We minimize the cost function using Bayesian optimization [23]. The optimization is initialized by evaluating the cost function at 20 points which are sampled within the bounds (Table 1) using Latin hypercube sampling. After initialization, the optimal parameter values (Table 1) are obtained after 9 iterations of the algorithm. Figure 3A exhibits the fitted footprint area against the experimental data. The model fit is in a good agreement with the data even though at the late time points the model shows saturating behavior that is not present in the real data. This slight disagreement suggests that there is some fraction of cells in a metabolic state which is not included in the model. However, the calibrated model does not only fit well to the wild type data but is also in an excellent agreement with two replicates of our petite strain validation data (see red curves in Fig. 3A). The third replicate can clearly be seen as an outlier and may indicate a low efficiency of biomass production [20] described in the model by the yield parameter γ1. Based on the good fits, we conclude here that our model successfully captures essential dynamics also with respect to the colony size over time.

Fig. 3
figure 3

The calibration of the spatial framework and predictions on the colony morphology and colony composition. The colony composition is illustrated for a quarter colony which contains full information of the symmetric colony. a Simulated colony footprint areas for wild type and petite strain are plotted using black and red dashed lines, respectively. Experimental data from wild type and petite strains (three replicates from both strains) are plotted using black and red solid lines, respectively. The black arrow indicates the wild type replicate which was used to calibrate the model. The data from the petite strain is used only for validation purposes. b Isosurface illustration of the simulated colony shape and cell state composition at time 121 hours. c Simulated cell state and nutrient distributions for wild type and petite strains at time 121 hours illustrated using heatmaps. The shown vertical slice is located in the middle of the colony. d Simulated time-evolution of all model component all total cell mass at different spatial locations. The exact coornitates (in mm) for illustrated point are (1,1,1),(0.1,0.1,1.0),(0.1,1.5,0.2), and (0.1,0.1,0.1) (starting from the upper row)

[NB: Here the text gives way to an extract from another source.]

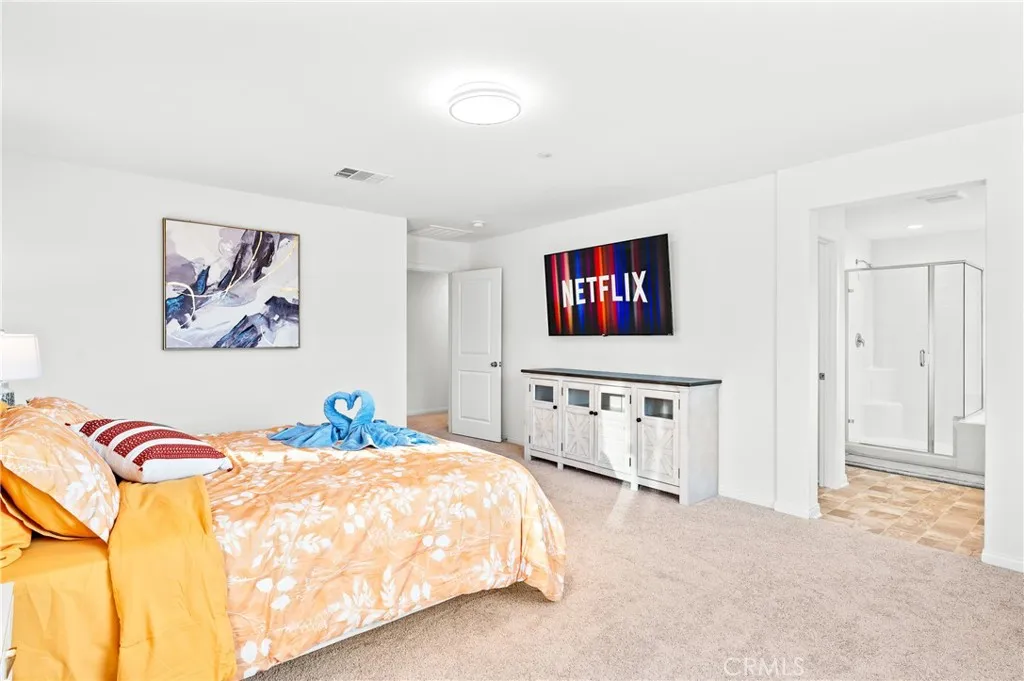 Come take a look at this gorgeous house. This stunning FULLY FURNISHED home comes with astonishing views of the mountain and SOLAR PANELS that help you save on the electric bill. This 2025 built home features 5 Bedrooms and 3 Bathrooms and is only 4 miles away from UCR. First floor has one bedroom with its own private bathroom and carpet throughout the whole bottom floor. Open floor plan includes stainless steel appliances, oversized central island, and large glass doors that lead to the beautiful newly remodeled backyard. Master bedroom includes large walk-in closet with laundry room just steps away from the other rooms. Don't miss this opportunity!

Predicting nutrient and metabolic state distributions

The calibrated model provides us with rich information about the spatial organization within the colony as well as the colony morphology over time. Figure 3B illustrates the colony shape and cell state composition at 121 hours. In our data-driven simulation, we observe three distinct regions in which the different cell states are concentrated. The cells in glucose state are present mainly close to the agar, the cells growing on ethanol are located in the middle of the colony, and, in the upper part the colony, we see a high concentration of cells in quiescent state.

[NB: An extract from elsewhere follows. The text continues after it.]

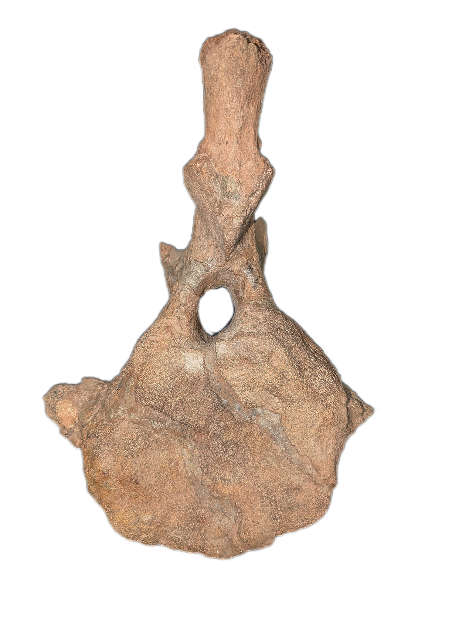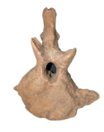 10.5" (26.7 cm) tall by 5.63" (14.3 cm) depth, 8.5" (21.6 cm) wide, Triceratops Vertebra from the Hell Creek Formation of Powder River Co., Montana.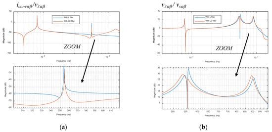 Bode plots with the ACISEF with L and LC output filters and active resistance (Rv1 = 1.51 kΩ programmed at 550 Hz). (a) Bode diagram of iconvαβ/v3αβ, (b) Bode diagram of v3αβ(s)/vsαβ(s).

A more detailed view on the spatial organization within the colony is given in Fig. 3C which shows the simulated cell state and nutrient distributions for wild type and petite strains in the middle of the colony at time 121 hours. The nutrient distributions show that glucose is mainly present close to the agar and this indicates that most of the glucose growth and consumption occur in this region. Further, the ethanol distributions show that the ethanol level is much higher in case of the petite strain due to lacking consumption. The snapshot distributions for wild type and petite strains look quite similar but essential differences become visible when we observe the time-evolution of model components at different spatial locations (Fig. 3D). Besides the differing ethanol dynamics for wild type and petite strains, also the cell state dynamics differ notably at many spatial locations. The driver for these differences is the growth in the ethanol state which on its behalf affect the switching between the different metabolic states.


We introduced here a novel coarse-grained multiscale model for yeast colony formation demonstrated how computational modeling can be used to integrate experimental information across scales. In particular, we used here growth measurements in homogenous fluid medium to first infer statistically the growth and cell state transition dynamics. For this purpose, we constructed 3 alternative microenvironment models with respect to cell state transitions (Fig. 1C) and implemented rather simple mass action like behavior allowing for efficient model identification. Interestingly, our unbiased approach supports the current biological perspective of the diauxic shift which assumes that cells reach quiescence through the ethanol state [7, 18] by the identification of model H2.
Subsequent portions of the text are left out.